- Newspaper advertisement
- Directed by: D. Djajakusuma
- Screenplay by: Titik Soerjo Abu Bakar Dahlan
- Produced by: Usmar Ismail
- Starring: Bambang Irawan; Aminah Cendrakasih; Soekarno M. Noer; Rendra Karno;
- Cinematography: Kasdullah; R Husein; Kosnen;
- Edited by: Soemardjono
- Music by: Sjaiful Bachri
- Production company: Perfini
- Release date: 1958 (Indonesia);
- Running time: 127 minutes
- Country: Indonesia
- Language: Indonesian
- Budget: Rp 1.5 million

= Tjambuk Api =

1958 film by D. Djajakusuma

Tjambuk Api (literally Whips of Fire) is a 1958 Indonesian martial arts film directed by D. Djajakusuma and produced by Usmar Ismail. Starring Bambang Irawan, Aminah Cendrakasih, Soekarno M. Noer, and Rendra Karno, it tells of a young villager who must challenge a local criminal to be with his love. The film underwent several modifications over a period of more than a year before it could pass the censorship board, but now remains one of Djajakusuma's better known works.

==Plot==
Kasan (Bambang Irawan) lost his father when he was young to an ill-fated whip duel. To avoid such a fate for him, his mother has him become a farmer. He uses his intelligence to create an irrigation system in their village in East Java, which provides them with plenty of rice. However, the village is terrorised by the whip-warrior and criminal Suro (Rendra Karno), who calls for tributes.

The situation becomes more difficult after Kasan falls in love with Suro's daughter, Marni (Aminah Cendrakasih). Although Marni also loves Kasan, Suro insists that she marry his right-hand man Karnen (Sukarno M. Noor) instead. Karnen uses his favoured position as an excuse to torture Kasan, which drives the latter to learn how to fight with a whip.

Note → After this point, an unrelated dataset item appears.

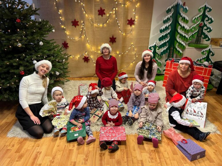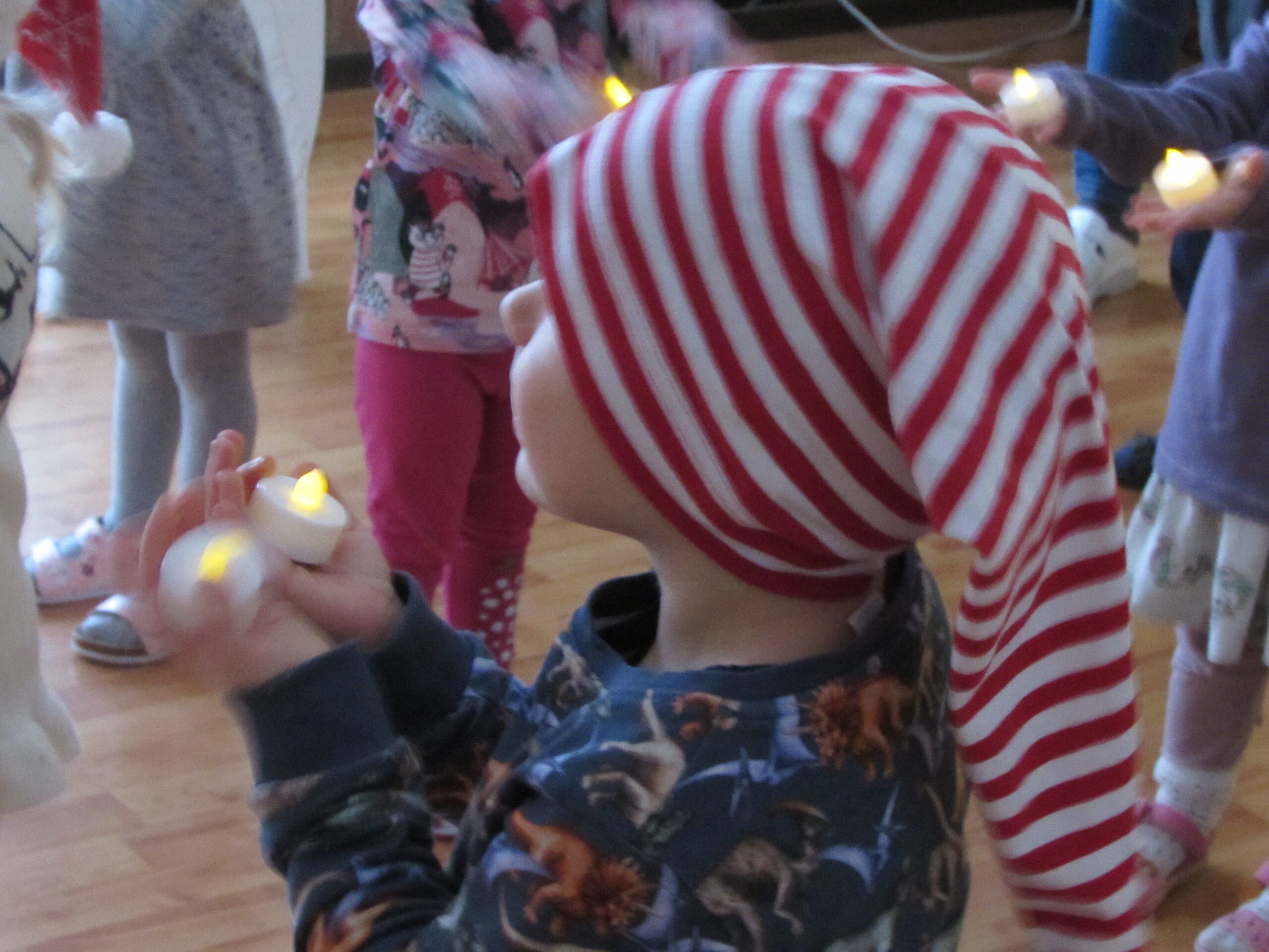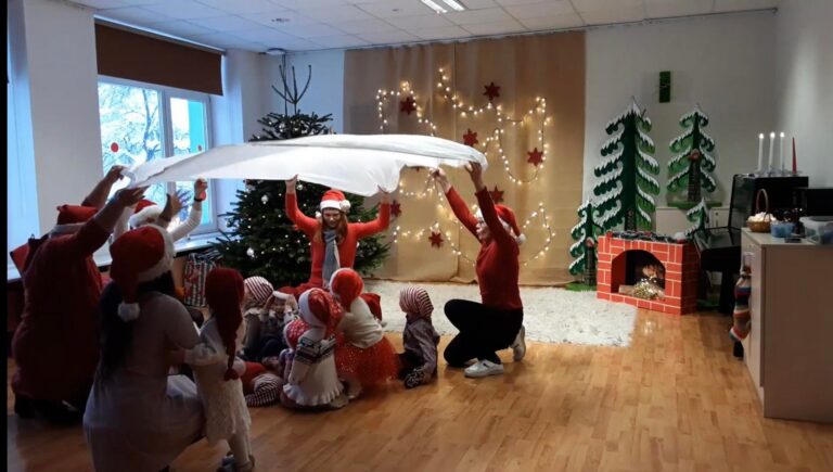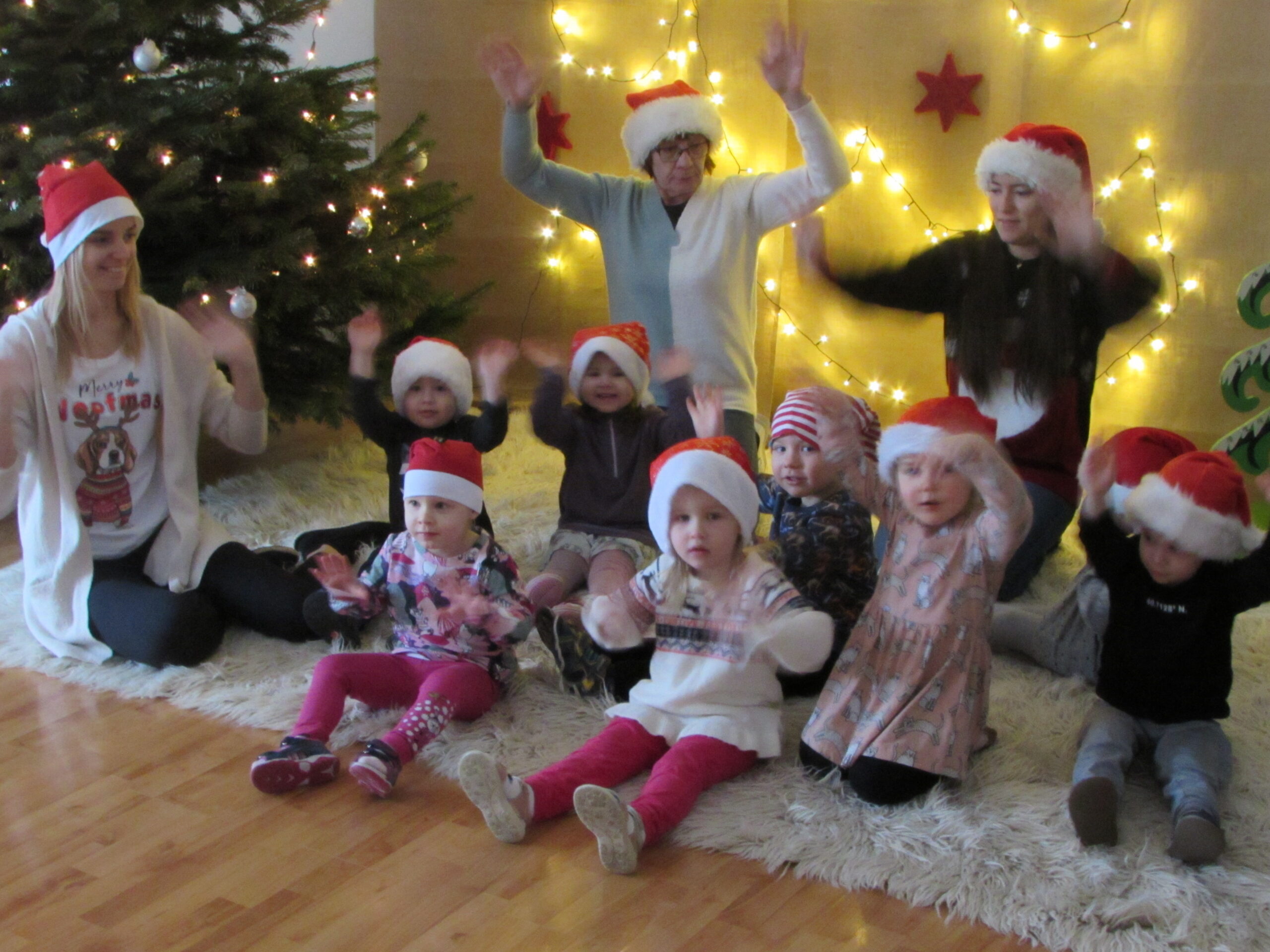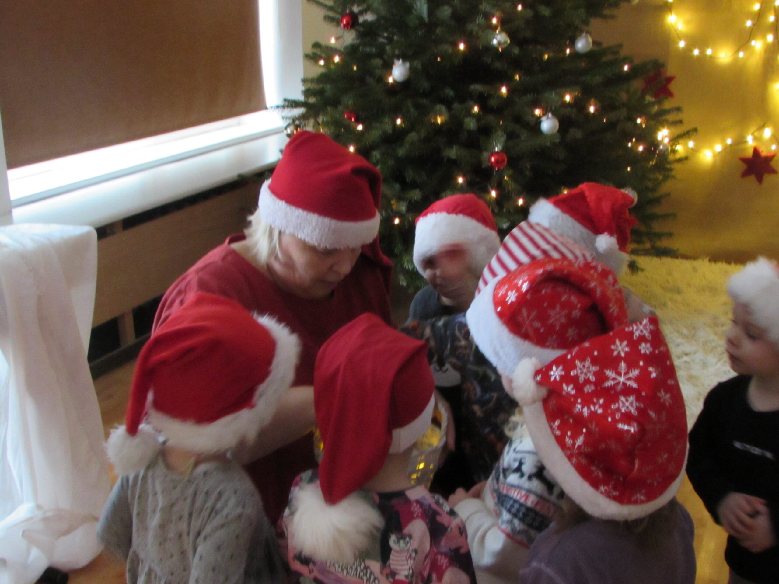 Tallinna Linnupesa lasteaia saalis on ilus ehitud jõulupuu ja põrandal pehme valge vaip. Laululinnu rühma kahe-kolmeaastased mudilased, punased päkapikumütsid peas, tulevad koos oma õpetajate Hele ja Marini ning õpetaja abi Sirjega laulma ja mängima.

Marni escapes Karnen and hides at Kasan's homes; her refusal to return to Suro drives him to challenge Kasan to a duel. After a long struggle, Kasan emerges victorious and, after Marni asks him not to kill her father, he lets Suro go. The villagers are free to farm in peace, and Marni and Kasan become husband and wife.

==Production==
The director of Tjambuk Api, D. Djajakusuma, spent a year studying film at the University of Washington in Seattle and the University of Southern California's School of Cinematic Arts in Los Angeles from 1956 to 1957; Tjambuk Api was his first film upon returning to Indonesia. The film was made by Perfini, under the leadership of Usmar Ismail; the latter served as producer. The story and scenario was written by Titik Soerjo and Abu Bakar Dahlan.

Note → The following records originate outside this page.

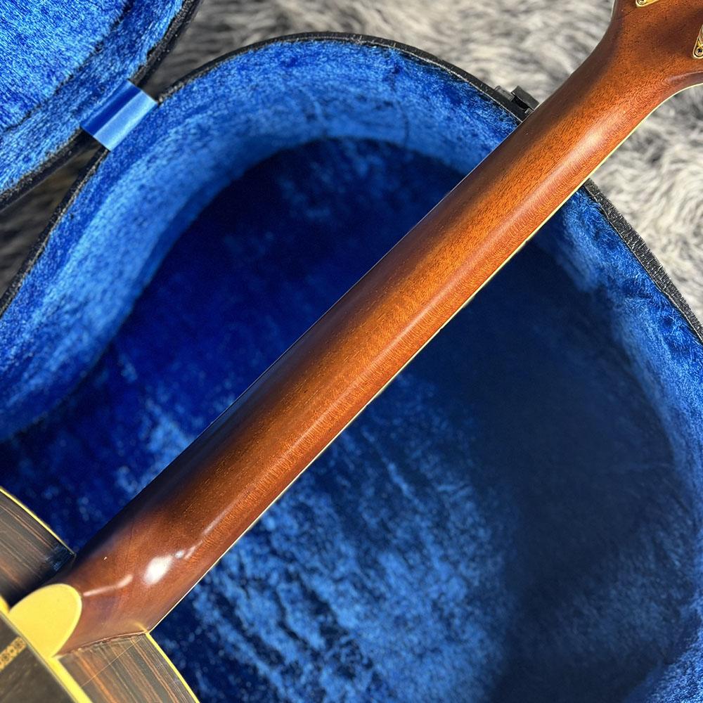 当時としてはシリーズの中でも普及モデルといった位置付けでしたが、今よりも木材が豊富にあった時代ならではの良質な木材や、アバロンによるバインディングやロゼッタ、オリジナルのポジションマーク、ゴールドハードウェアの採用など贅沢な仕様。現在で同じスペック(日本製の総単板ボディ)のものとなるとなかなか手の届かない価格帯になってきます。
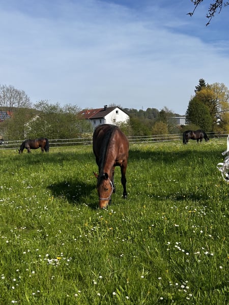 This sweet pony mare is characterized by her very friendly and tolerant nature towards other horses, making her an ideal companion. She is very well-behaved in handling and is also very gentle with children. Unfortunately, she is only limited riding suitable. Feel free to send a message for more details :)
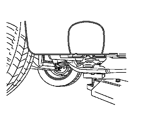 Note: The jack stands must not contact the rocker panels, the floor pan, or the stone guard moldings. Remove the jacking covers from the rocker panels if necessary.
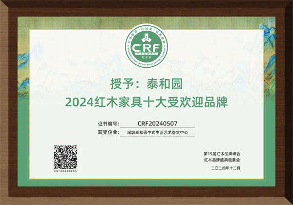 12月18日,第15届红木家具品牌峰会在青岛举行,在全国红木家具行业领导、产区领导、权威专家与业界精英的见证下,泰和园以卓越的成就斩获“2024红木家具十大受欢迎品牌”。

Tjambuk Api spent three years in production. The budget was reportedly 1.5 million rupiah. The film was reportedly held by the censorship bureau for almost a year causing it to miss the 1958 Asian Film Festival in Manila.

==Themes==
Tjambuk Api has been read as a critique of the widespread corruption in Indonesia. Ismail wrote that the film was meant to show that Indonesian cinema was capable of producing more than government propaganda. William van der Heide, a lecturer on film studies at the University of Newcastle in Australia, writes that the film and its revenge story at times harks back to Hollywood Westerns, although with whips instead of guns.

==Reception==
The film received screenings in 1961. An anonymous review in the Yogyakarta-based daily Nasional remarked that Djajakusuma had clearly meant to emphasise the dramatic elements of the story and noted that the audience seemed spellbound by the fighting scenes.

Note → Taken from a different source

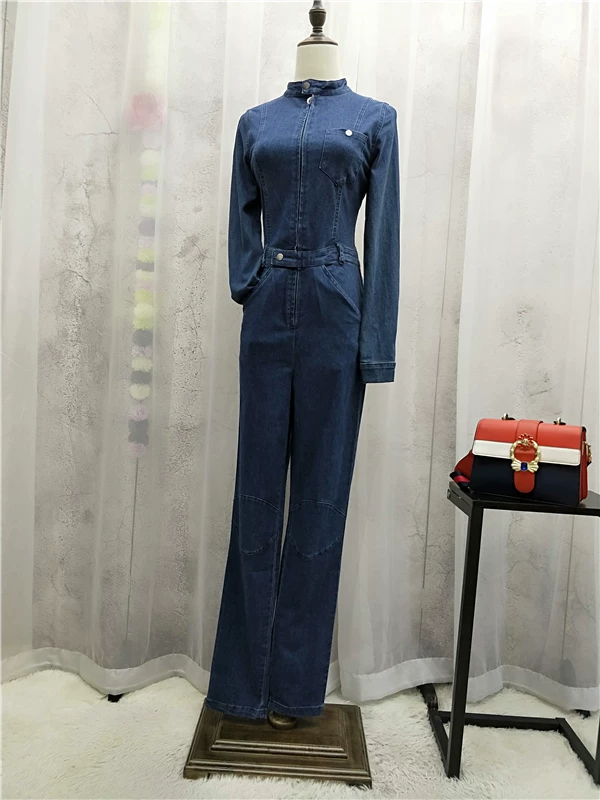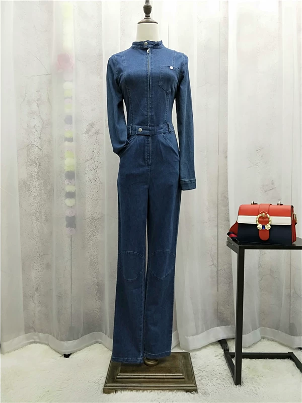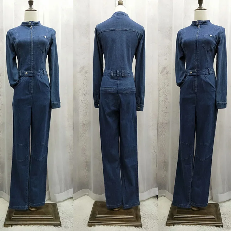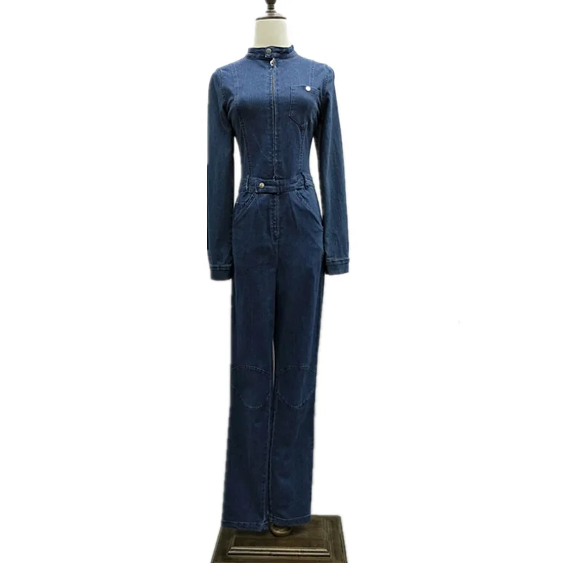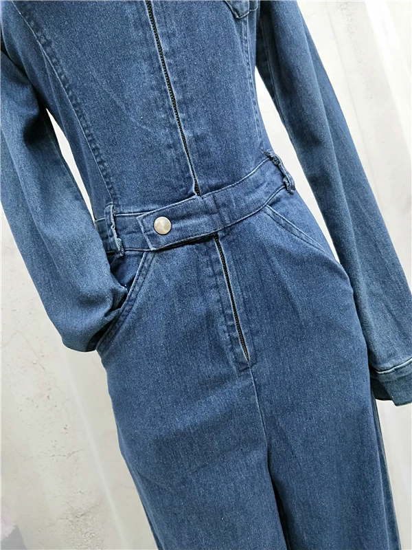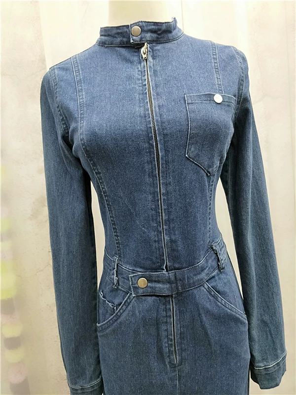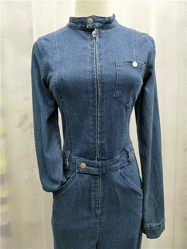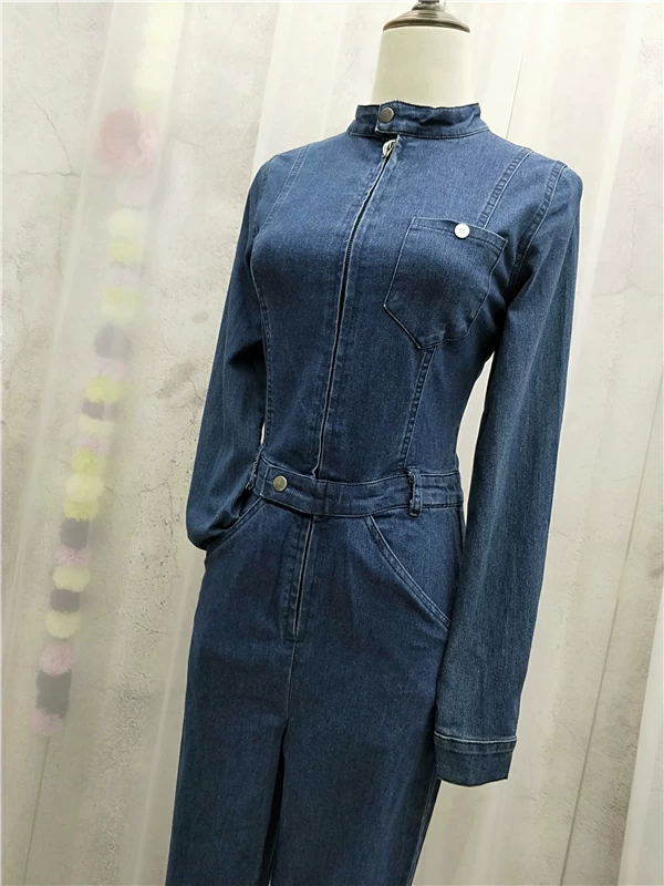 Женский джинсовый комбинезон на молнии, с длинным рукавом

According to Kompas, Tjambuk Api and Djajakusuma's earlier work Harimau Tjampa (Tiger of Tjampa) are his best-known. The two are those most often shown, because ready-to-use copies are stored at Sinematek Indonesia. Van der Heide notes that the film's portrayal of a "headstrong and independent woman" precedes the first such depiction in the neighboring Malay country of Malaysia by 35 years.